Шрифт:
Закладка:
Тужин потерянно оглянулся на Ветракова, который наблюдал за ним со стороны, словно боялся прикоснуться к тому, что ему не принадлежало.
— Игнатий, я растерян… Как петь? Ты меня выручишь?
— Чем могу. Рояль надо попробовать. — И он ушел.
Зал совсем затих, казалось, люди не дышали.
— Что мне петь? — спросил Тужин, сразу не говоря больше ничего, все сильнее теряясь и робея. Он даже не поздоровался, что было бы не лишне.
— Пой все! — раздался чей-то веселый голос из середины зала, и тишина рухнула.
— А все же? Кто знает мой репертуар?
— Сусанина?
Тужину это понравилось сразу: зал серьезен, знает его главное — музыку о народе и для народа.
— Так что же из Сусанина?
Из зала тот же веселый голос:
— С начала и до конца…
«Это тот, что узнал меня, — мелькнула догадка у Тужина. — В Москву ездил — в оперу».
Зал развеселился. Игнатий, сидящий за роялем, оглянулся на смущенного друга. А тот замолчал и, отвлекаясь от всего, прокашлялся. Он был, конечно, курьезен в своем коричневом спортивном костюме с какой-то броской генеральской отделкой, и композитор улыбнулся. «Кто знал, что потребуются фраки?»

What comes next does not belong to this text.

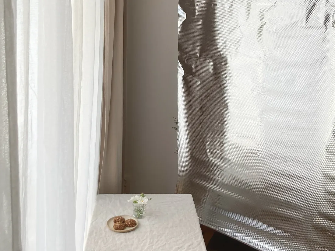 V létě je focení snadné, světlo je celý den. Ale co v zimě? Světla je o poznání méně a některé dny jako by bylo šero od rána do večera. V tom případě může pomoci bílá odrazná deska, jejíž odraz přidá světlo focenému objektu. V domácích podmínkách můžete použít velký bílý papír, bílé prostěradlo nebo jako já aluminiovou fólii. Není třeba hned investovat do profesionální odrazné desky (ani já ji nevlastním). Nastavíte odraznou plochu tak, aby její odraz dopadal na focenou scénu, čímž jí dodá potřebné světlo.

— «Чуют правду», Игнатий, «Чуют правду», — обернувшись, попросил артист. Но Ветраков полол плечами: без нот? Но в лице артиста не дрогнул ни один мускул — он будто ждал, что все так и будет: «Попробуем!» И начал. Это была музыка душевной боли и мужества, страданий и надежд, народная жалоба и одухотворение народного бессмертия. На сцене стоял небольшой, в странном костюме мужичок, стоял почти неподвижно, но покоряющая сила его голоса была так велика, что зал, казалось, не дышал. Игнатий, которого Тужин всегда удивлял, на этот раз был вновь потрясен. «Как же он легко поет, — думал он. — Прикрыл глаза, то вскинет брови, то опустит! И все! А какой драматизм. Что за голос у тебя, Саня! Содержание и музыка, и мысли, и слова — все национально-русское. И поет он чисто по-русски. Нет, нет, все же чувствуется европеизм. Хотя ты, Саня, и исключаешь его».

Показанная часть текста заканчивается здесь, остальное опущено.